EFFECTIVE SYNAPTIC CURRENT AND MOTONEURON FIRING RATE MODULATION

1. We used a modified voltage-clamp technique to measure the steady-state effective synaptic currents (IN) produced by activating four different input systems to cat hindlimb motoneurons: Ia afferent fibers, Ia-inhibitory interneurons, Renshaw interneurons, and contralateral rubrospinal neurons. In the same motoneurons, we measured the slope of the firing rate-injected current (f-I) relation in the primary range. We then reactivated these synaptic inputs during steady, repetitive firing to assess their effects on motoneuron discharge rate. 2. Our measurements of IN were derived from recordings made near the resting membrane potential, whereas the effects of the synaptic inputs on repetitive discharge were evaluated at more depolarized membrane potentials. Thus we adjusted the IN values for these changes in driving force based on estimates of the synaptic reversal potential and the mean membrane potential during repetitive discharge. 3. We found that changes in the steady-state discharge rate of a motoneuron produced by these synaptic inputs could be reasonably well predicted by the product of the estimated value of IN during repetitive firing and the slope of the motoneuron's f-l relation.
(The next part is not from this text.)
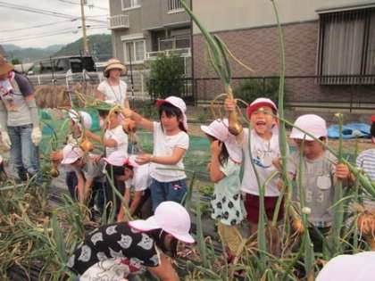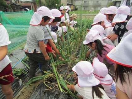 5歳児が西賀茂の畑の玉ねぎを収穫しました。

Although there was a high correlation between predicted and observed changes in firing rate for our entire sample of motoneurons (r = 0.93; P < 0.001), the slope of the relation between predicted and observed firing rate modulation was significantly greater than 1. 4. The systematic difference between predicted and observed firing rate modulation observed in the overall sample was primarily due to the fact that our predictions underestimated the changes in firing rate produced by Ia excitation and Ia inhibition. The slope of the relation between observed and predicted firing rate modulation in response to the rubrospinal and recurrent inhibitory synaptic inputs did not differ significantly from 1. 5. The potential sources of error associated with our predictions of firing rate modulation are discussed and evaluated. The greater than predicted efficacy of Ia excitation may result from the significant transient component present in the excitatory synaptic current. The greater than predicted decrease in firing rate produced by Ia inhibitory synaptic input may indicate that the effects of injected and synaptic currents on motoneuron discharge rate are not always equivalent.